A study of interacting scalar field model from the perspective of the dynamical systems theory

TL;DR

This paper analyzes scalar field models as dark energy interacting with dark matter using dynamical systems theory, identifying critical points and stability conditions to understand late-time cosmic acceleration.

Contribution

It introduces two interaction models with different potentials and couplings, deriving autonomous systems and analyzing their critical points and stability in the context of cosmic evolution.

Findings

Scalar field dominated solutions for late-time acceleration.

Existence of scaling solutions alleviating the coincidence problem.

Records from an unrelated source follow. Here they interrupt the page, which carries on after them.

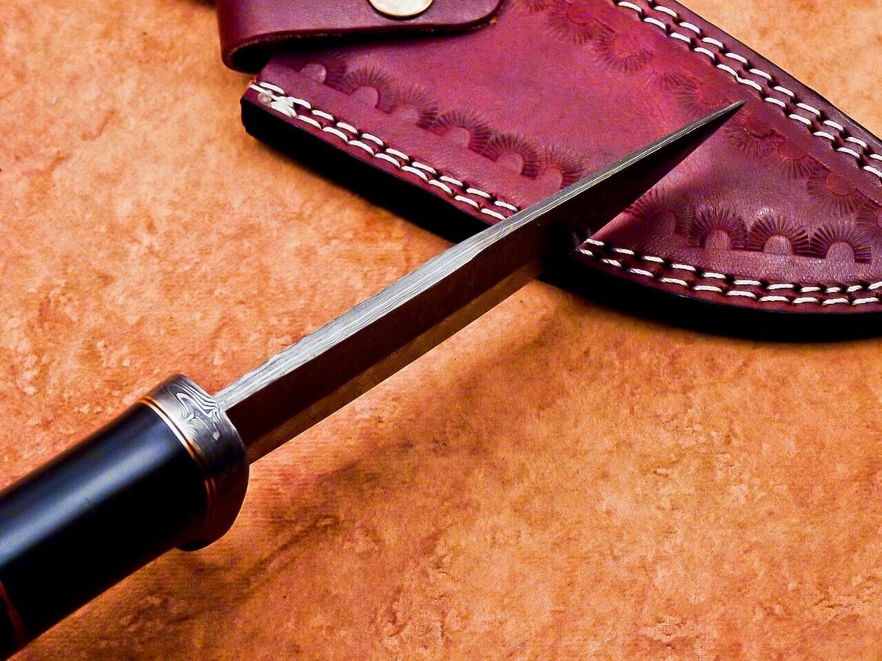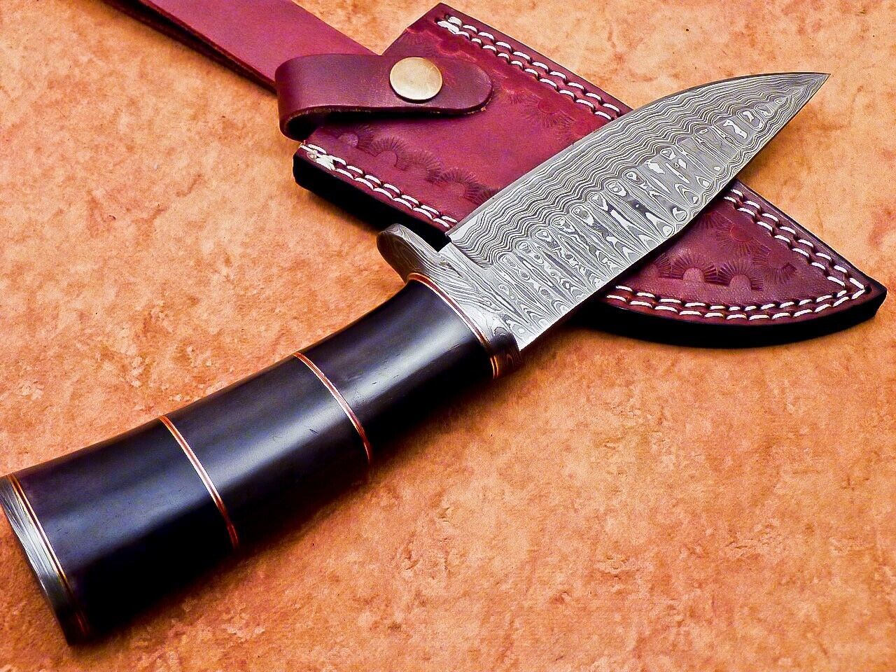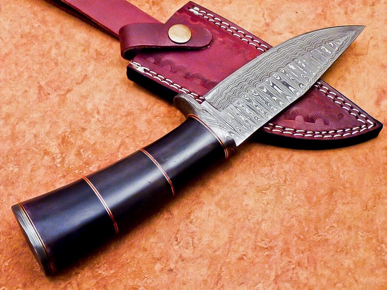 With its full-tang construction and custom-fit leather sheath, this knife is ready for hunting trips, camping adventures, or to be displayed as a centerpiece of your collection. Experience the precision and character of true handmade Damascus steel with Heritage Forge.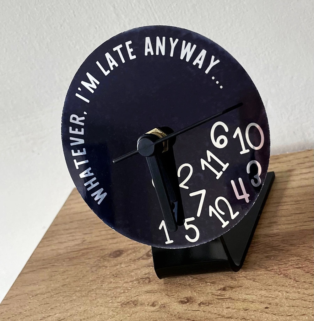Add an optional small printable metal piece that clips into the mech, to create a freestanding desk clock or for a more imposing finished desk clock – add a more substantial printable metal strip, with a pre-drilled slot to fit over your mech to fix at the height you prefer and pre-scored to bend into the angle you prefer – creating a classy stand for your finished metal timepiece! Both metal stands are printable (maybe add your logo or company website for extra marketing opportunities?) or secure them reverse side up for a professional integrated look!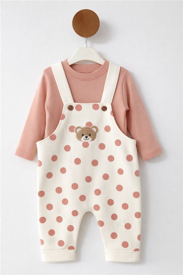 6-24 Ay Puanlı Ayı Nakışlı Waffle Bahçıvan Tulum Pudra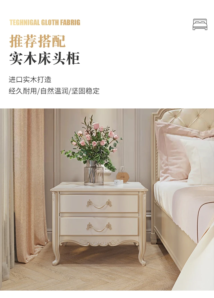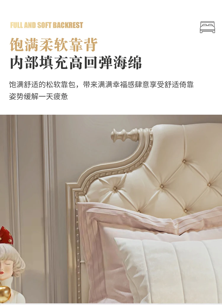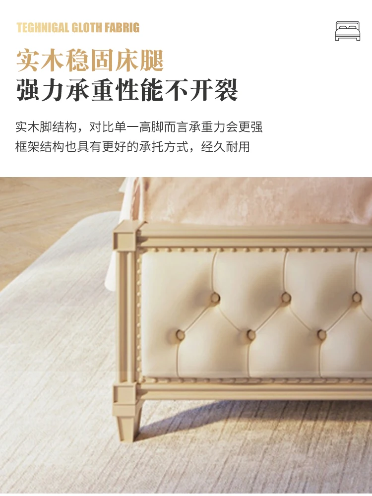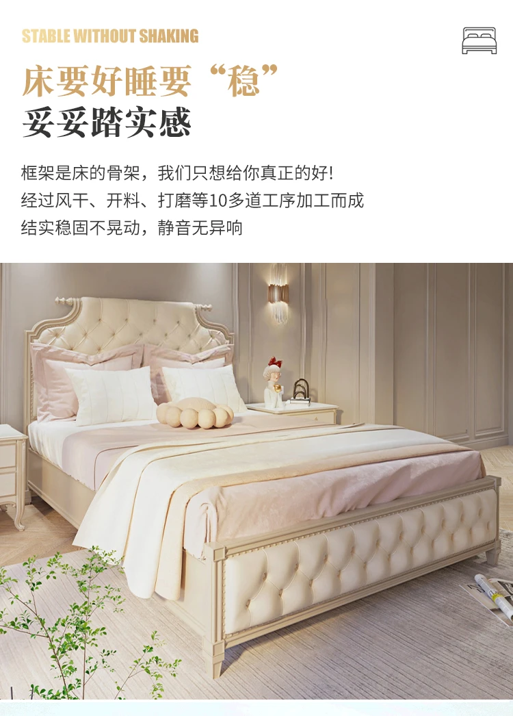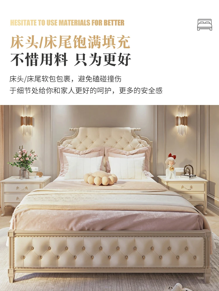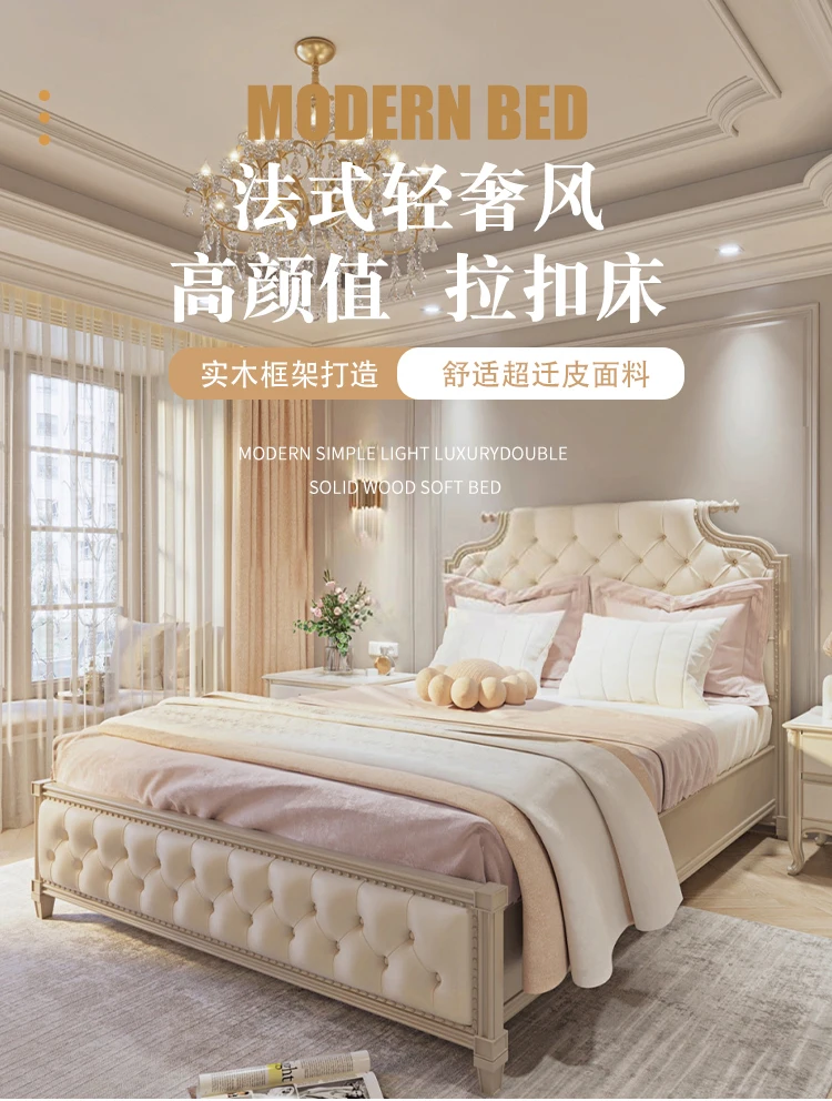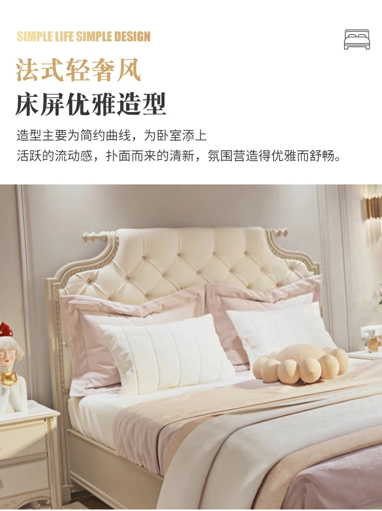 simple solid wood double bed French light luxury INS wind solid wood bed soft cover art bed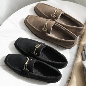 ボア付きスクエアトゥ モカシン ビットローファー 防寒 レディース 痛くない 歩きやすい アミアミ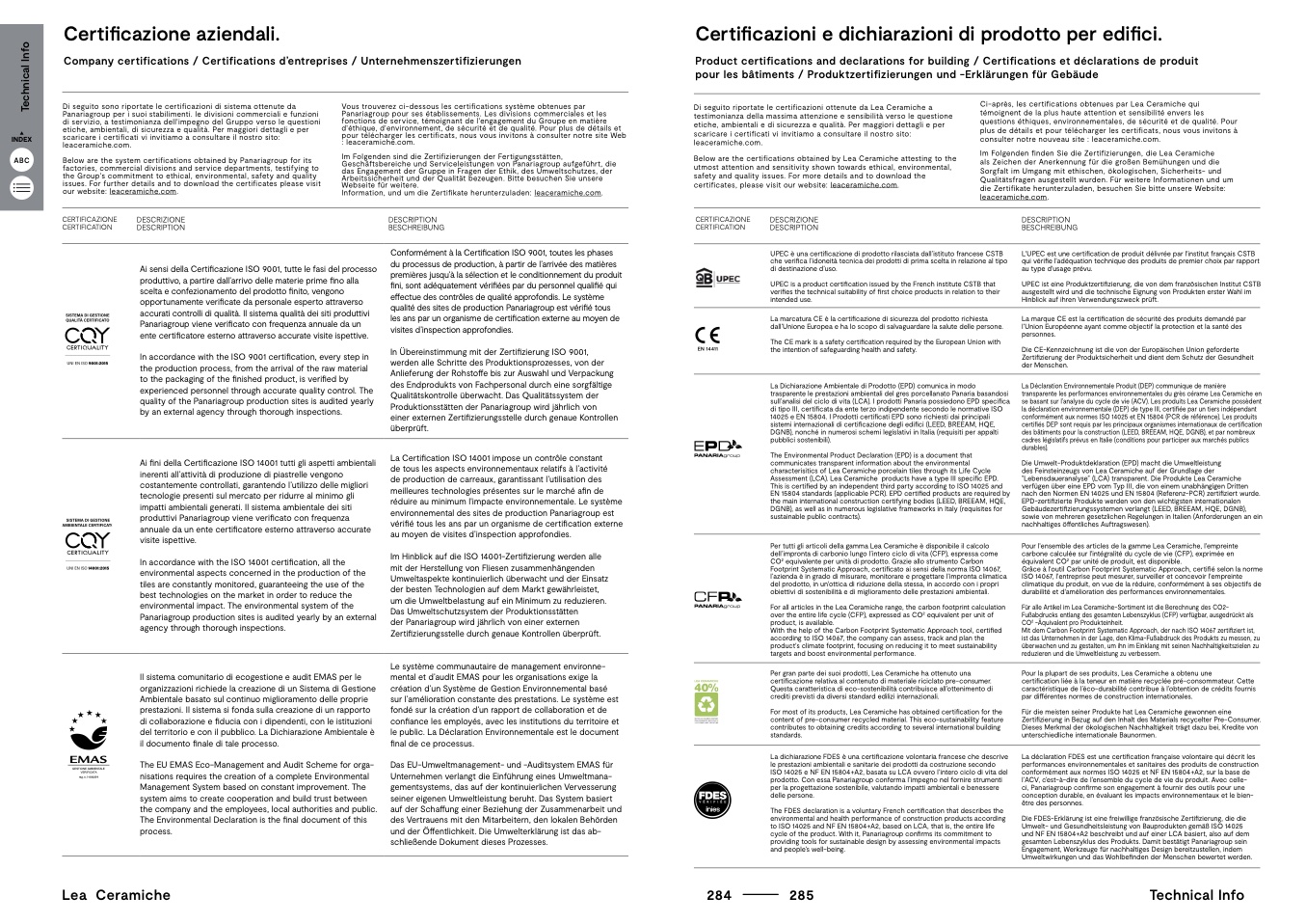 Ci-après, les certifications obtenues par Lea Ceramiche qu

De Sitter-like solutions indicating transient universe evolution.

Abstract

In this work, considering the background dynamics of flat Friedmann-Lemaitre-Robertson-Walker(FLRW) model of the universe, we investigate a scalar field model as dark energy candidate which interacting with the pressure-less dust as dark matter from dynamical systems perspective. From phenomenological vantage point two interaction terms are chosen: one depends on Hubble parameter $H$ and other is local, independent of Hubble parameter. In interaction model 1, the scalar field potential as well as the coupling are considered to be in the form of inverse square and accordingly a two-dimensional autonomous system is obtained. On the other hand, Interaction model 2 comprises with the potential as well as coupling of scalar field which are considered in form of exponential function of scalar field ($\phi$) and as a result of which a four-dimensional autonomous system is achieved. We study two systems separately and come by several critical points in 2D system as well as in 4D system. We have derived sound speed and the classical stability conditions. Furthermore, for 2D autonomous system we analyzed the stability of some critical points at infinity. From this autonomous system, we obtain scalar field dominated solutions representing late time accelerated evolution of the universe that does not elucidate the coincidence problem. Late time scaling solutions are also realized by the accelerated expansion of the universe which evolves in quintessence era that alleviates the coincidence problem successfully. From the analysis of 4D system, we obtain non-hyperbolic sets of critical points which are analyzed by the center manifold theory. In this model, the de Sitter like solutions represent the transient evolution of the universe.